─── Information provided ───
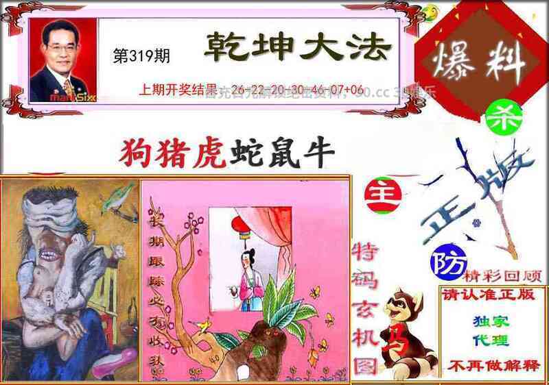| 320期:七肖 | 猴猪鸡狗虎龙牛 | 开:發00 |
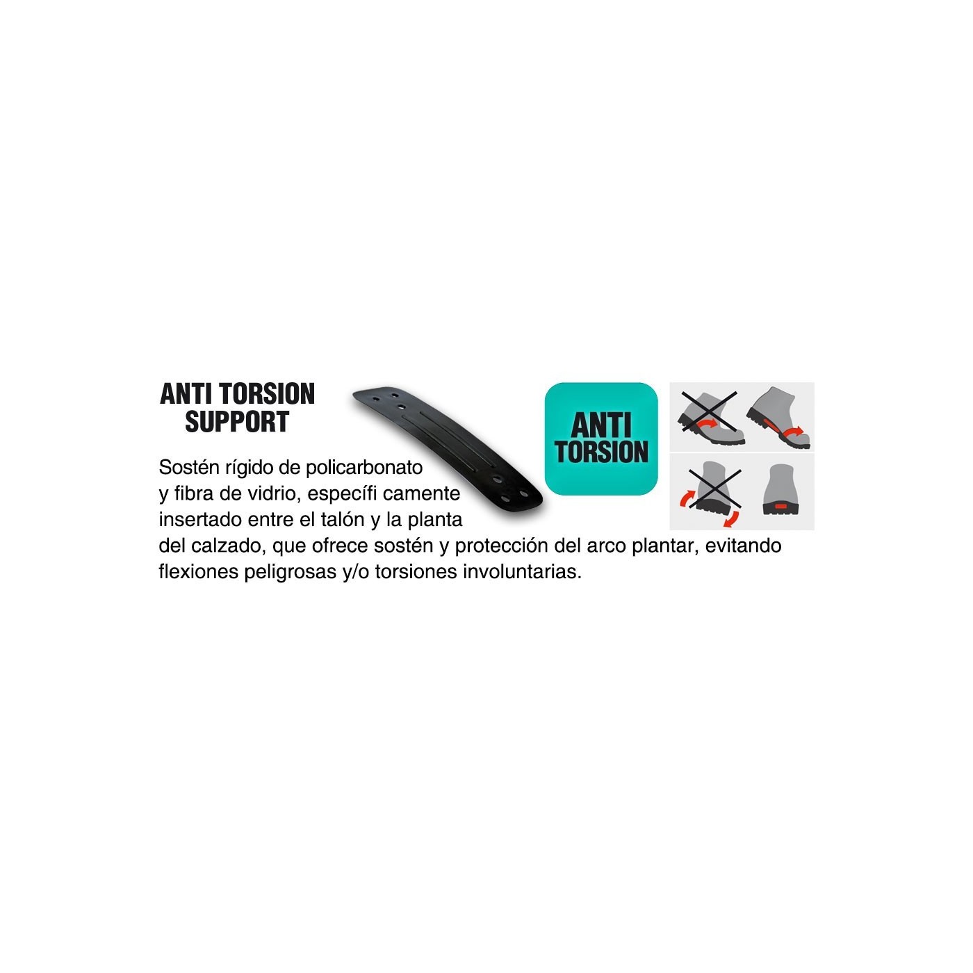 PLANTILLA: EVANIT amb especial barreja d'EVA i nitril, de gran confort i gruix variable (12mm - 8mm - 3,8mm). Termoformada, anatòmica, perforada i folrada amb teixit molt transpirable. Antiestàtica gràcies a un tractament especial de la superfície ia costures realitzades amb fils conductors
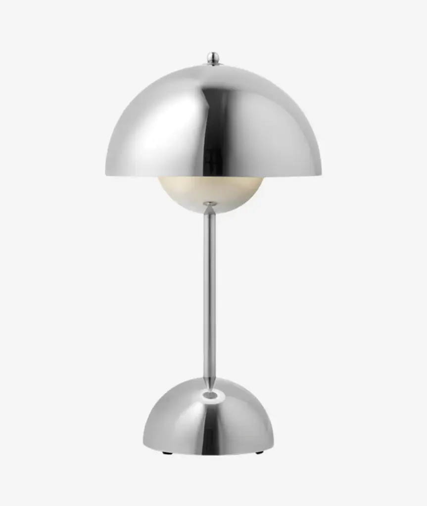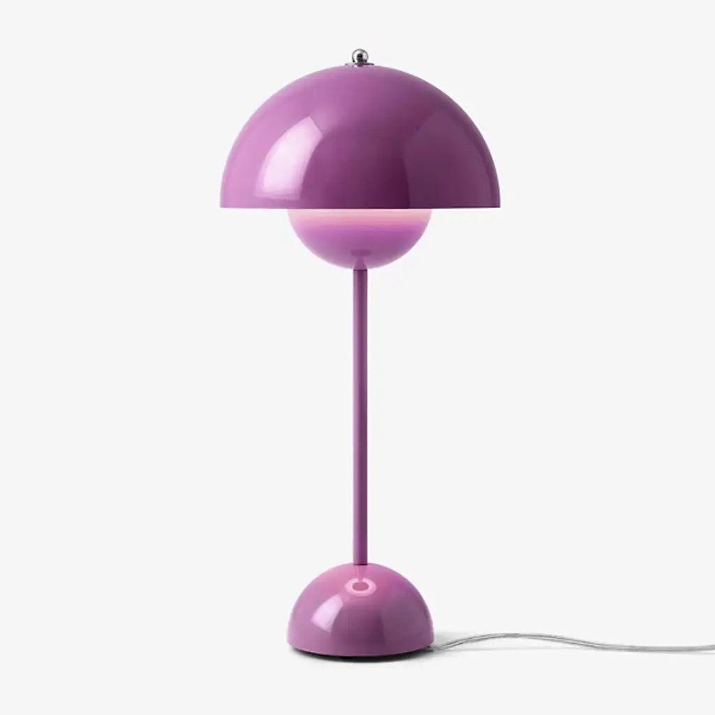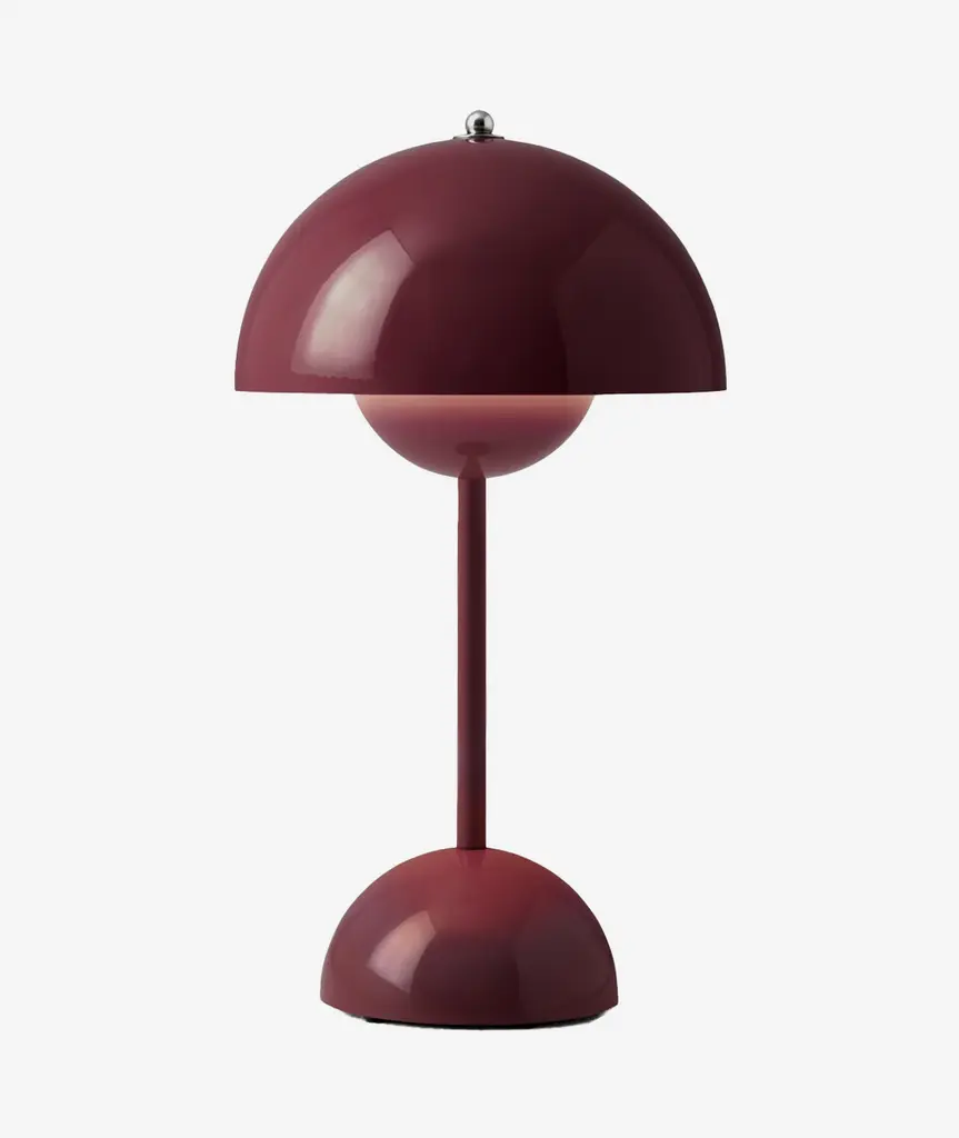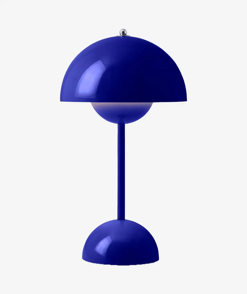 The Flowerpot, a vividly colored lamp with a rounded pendant that hangs from the semi-domed upper shade, embodies the experimental attitude of Verner Panton. Slightly smaller in size than the table lamp version, and deliberately lightweight, the portable VP9 comes equipped with a USB charging cable. It is available in a wide range of contemporary colors and will bring a cozy atmosphere to indoor and outdoor settings.
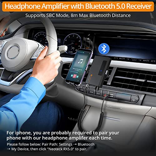 Neoteck HIFI Amplificatore per Cuffie con Ricevitore Bluetooth 5.0 Portatile 3.5mm Audio Auricolare Amplificatore Ideale per MP3 MP4 Phone Digitale Players Computer
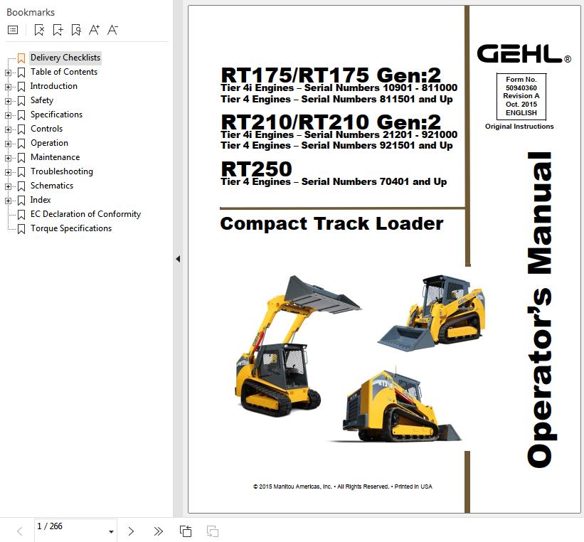 GEHL RT175 to RT250 Operators Manual 50940360A
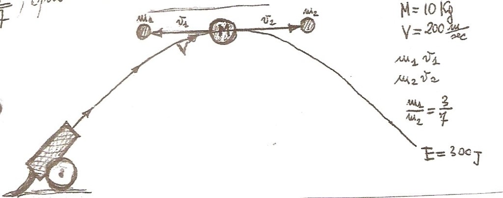 Problema 18 – Un proiettile di massa M = 10 Kg nel vertice della sua traiettoria parabolica esplode in due frammenti che vengono proiettati nella direzione tangente alla traiettoria (vedi figura). Se nell’esplosione viene liberata un’energia E = 300 J, la velocità del proiettile nell’istante in cui si produce l’energia è V = 200 m/s e le masse m1 ed m2 dei due frammenti stanno nel rapporto 3/7, quali sono le velocità v1 e v2 dei due frammenti ?
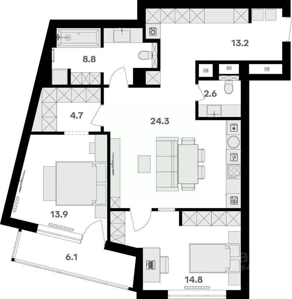 Площадь кухни24,3 м²
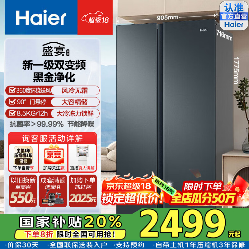 海尔(Haier)国家补贴20%冰箱双开门冰箱616升对开门二门电冰箱一级能效变频大容量超薄家用冰箱风冷无霜双门 【咨询领补贴】BCD-616WGHSSEDC9
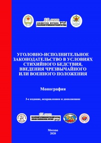 Уголовно-исполнительное законодательство в условиях стихийного бедствия, введения чрезвычайного или военного положения: монография / под общ. ред. А. А. Крымова; под науч. ред. А. П. Скибы. 3-е изд. М., 2020
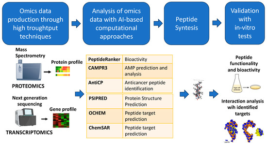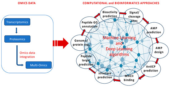 By using ML algorithms, computers can learn without explicitly being programmed. It accomplishes prediction and classification tasks through pattern detection without using defined rules. Many bioactive compound analysis and identification methods use ML [116]. Several types of omics data, such as transcriptomics and proteomics, can be used alone or can be integrated into a multi-omics approach to be further analyzed by different computational methods based on AI (Figure 4). Different steps can be completed starting from genome or proteomic sequences to identify and analyze different features of potential bioactive molecules.
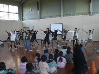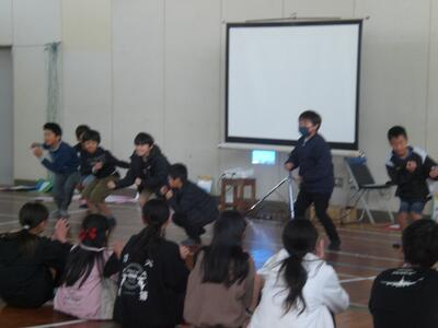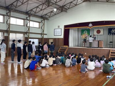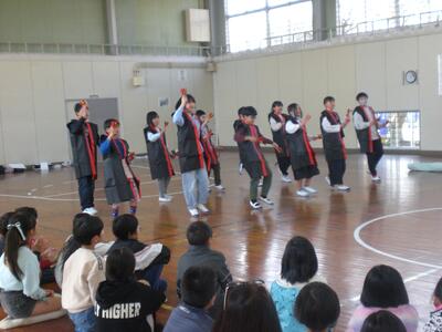 始めに、体育館に集合して全校でのお別れ集会でした。まず、在校生から6年生へ向けて卒業のお祝いと感謝の気持ちを込めて発表を行いました。どの学年も今までのありがとうの気持ちを歌や言葉、ダンス、エールにのせて6年生へ届けていました。在校生の後は6年生からお礼の気持ちを込めての歌と合奏、エールの発表が行われました。卒業に向けて、お互いにありがとうの気持ちを伝え合い、とても温かな気持ちになるお別れ集会となりました。
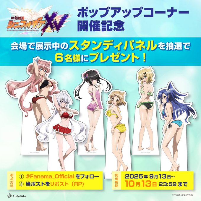 雪音さんがリポストFanema_Official@Fanema_Official·【フォロー&リポストキャンペーン】 「#戦姫絶唱シンフォギアXV」 ポップアップコーナー開催記念 / 会場で展示中のスタンディパネル✨を 抽選で6名様に #プレゼント🎁 \ 1⃣@Fanema_Officialを #フォロー 2⃣本投稿を #リポスト ✅締切10/13(月)迄 詳細はこちらから https://fanema.jp/features/symphogear-xv…さらに表示1013,5952,23916万
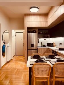 В апартаментах предусмотрена полностью оборудованная кухня, включающая посудомоечную машину, кофемашину, электрический чайник и заварочный набор. Гостиная зона оснащена удобной мебелью и телевизором с плоским экраном и доступом к стриминговым сервисам. В ванной комнате имеется выбор между ванной или душевой кабиной, а также предоставляются шампунь, постельное бельё и полотенца для комфорта гостей.
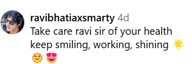 Following this revelation, Ravi’s fans flooded social media with messages of concern and support. Many were deeply moved by the images of his damaged car and injuries, wishing him a speedy recovery. Additionally, Ravi expressed that the incident helped him appreciate the true value of life even more. A user wrote “You are very strong already, stay strong.” Another wrote “Take care Ravi sir of your health keep smiling, working, shining.”
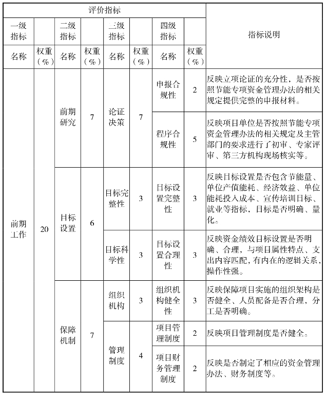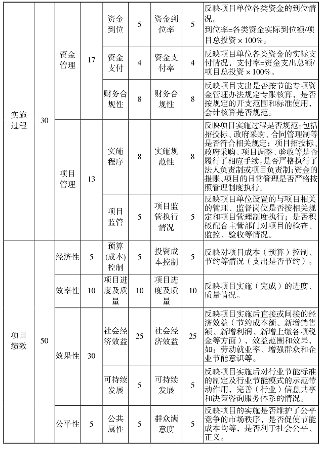 节能专项资金绩效评价指标体系
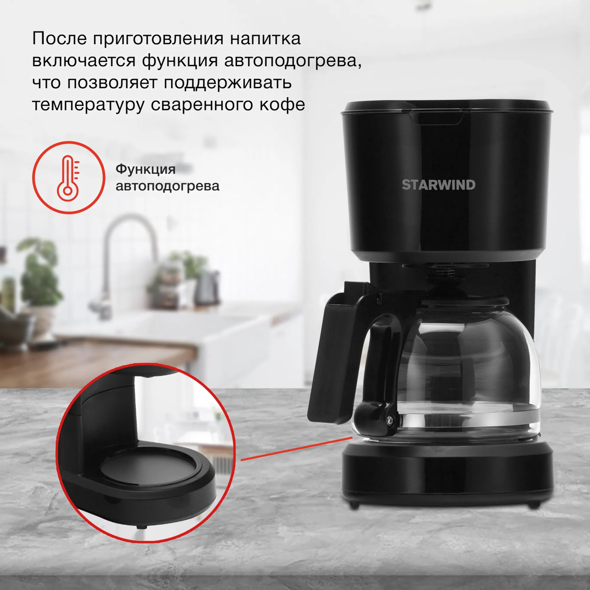 Starwind STD0610 оснащена плитой автоподогрева, которая не допускает остывание напитка. Доступ к функционалу открывается с помощью кнопочной панели управления. Для подключения к сети предусмотрен 0.7-метровый кабель. Прорезиненные ножки гарантируют устойчивое размещение модели на любой поверхности.
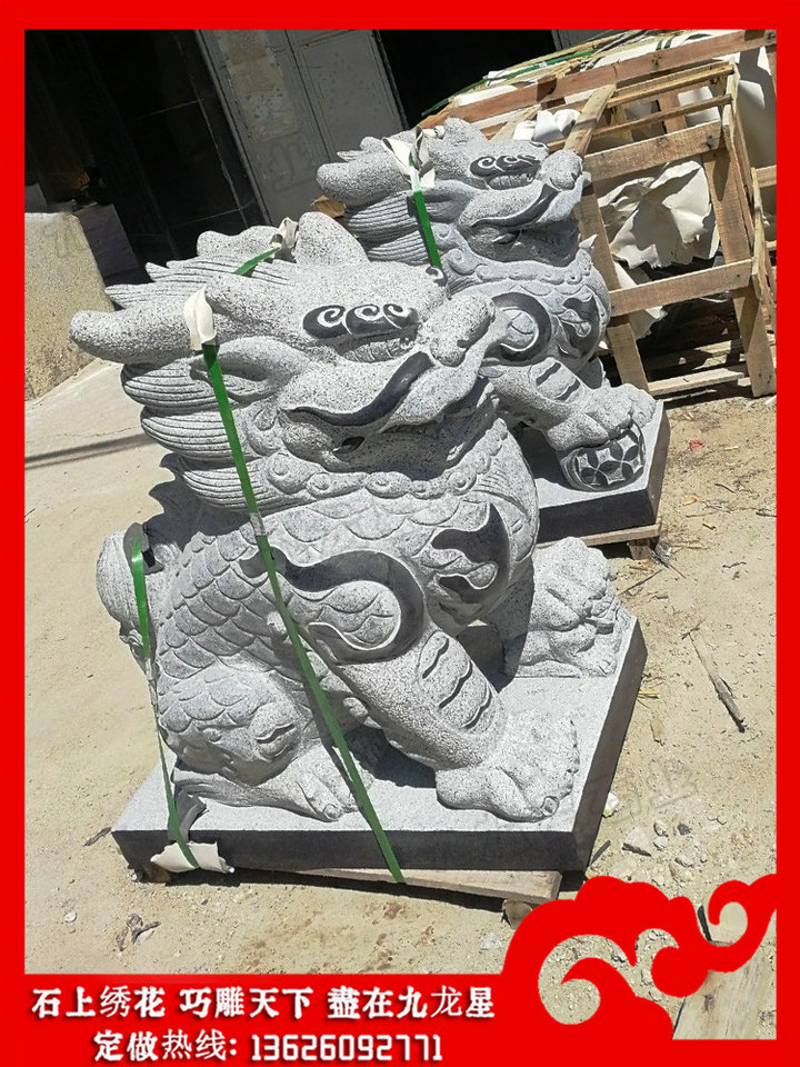 麒麟石雕(大門口石雕麒麟圖片 青石石雕麒麟擺放寓意)——九龍星石業(yè)。
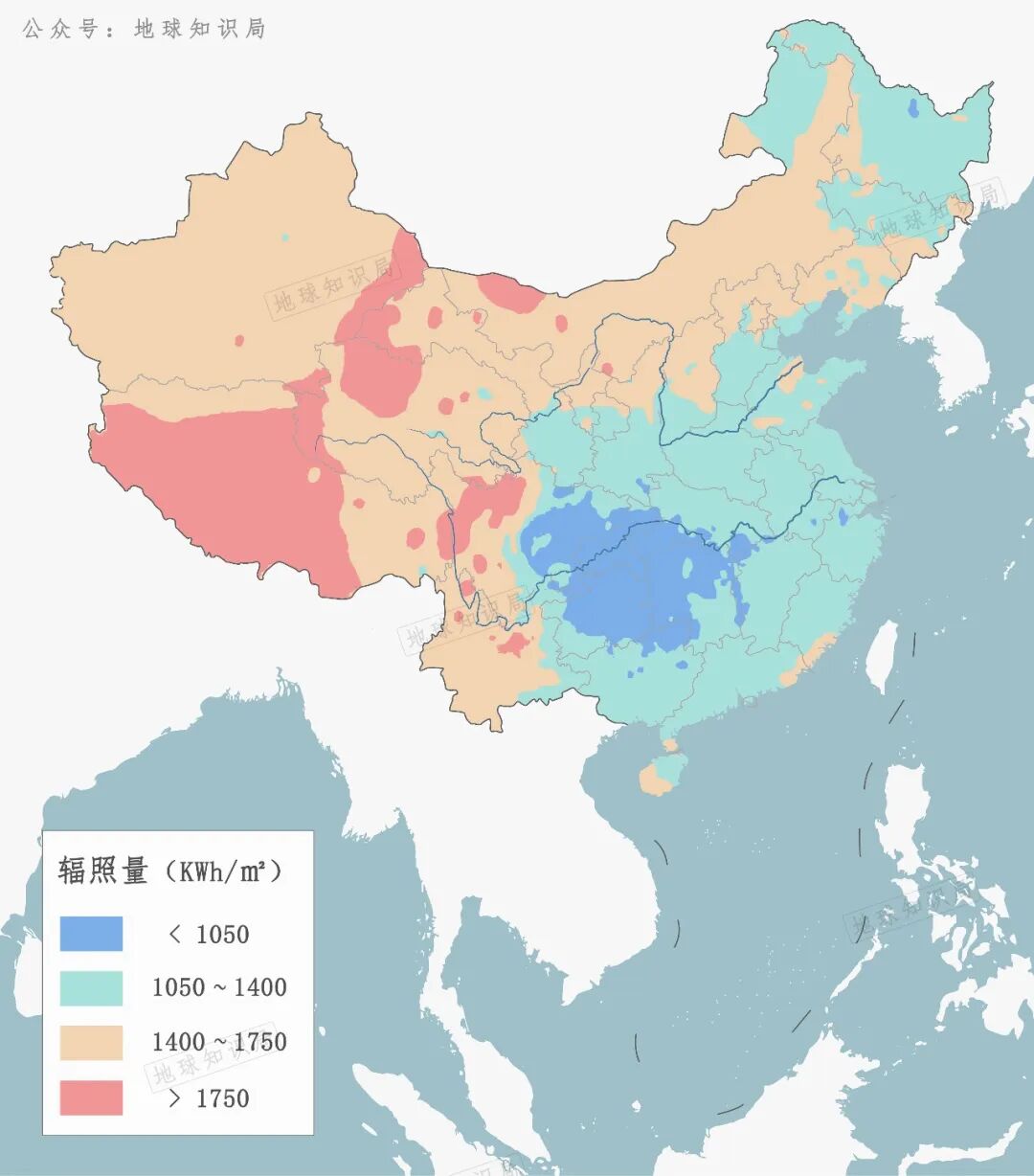 西部地区由于高原多、干燥少雨,太阳能资源也极其丰富,比较全国各地的总辐射照量,西北尤其是高原地带是辐射照量最大的。相比之下,自宜宾以下的长江流域,太阳能资源就少很多。
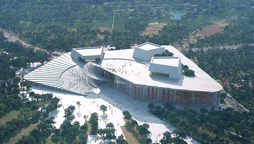The Shanghai Opera House is located within the World Expo Cultural Park, with a total construction area of over 140000 square meters and three opera halls of different sizes. The entire architectural form of Shanghai Opera House takes the meaning of "Chinese fan", reflecting the aesthetic style of Chinese architecture.
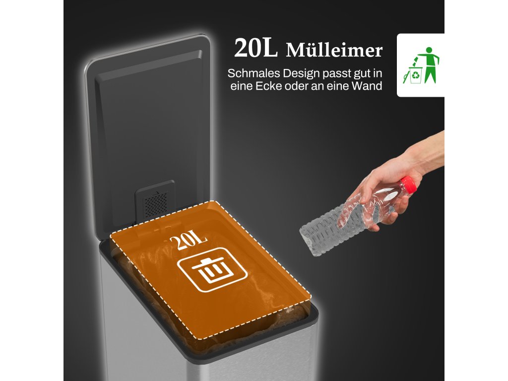 - Úsporný a prostorný: Tento kompaktní a úzký odpadkový koš o objemu 20 litrů se skvěle hodí do každého rohu nebo na stěnu vaší kuchyně. Zásobník na deodoranty odolný proti zápachu pomáhá eliminovat nepříjemné pachy (deodorant není součástí balení).
───
**Your assignment:**
Now transcribe the lines above exactly, starting at the line containing "Площадь кухни24,3 м²" and ending at the line containing "Уголовно-исполнительное законодательство в", both lines included, pictures excluded.

**Task answer:**
 Площадь кухни24,3 м²
 海尔(Haier)国家补贴20%冰箱双开门冰箱616升对开门二门电冰箱一级能效变频大容量超薄家用冰箱风冷无霜双门 【咨询领补贴】BCD-616WGHSSEDC9
 Уголовно-исполнительное законодательство в условиях стихийного бедствия, введения чрезвычайного или военного положения: монография / под общ. ред. А. А. Крымова; под науч. ред. А. П. Скибы. 3-е изд. М., 2020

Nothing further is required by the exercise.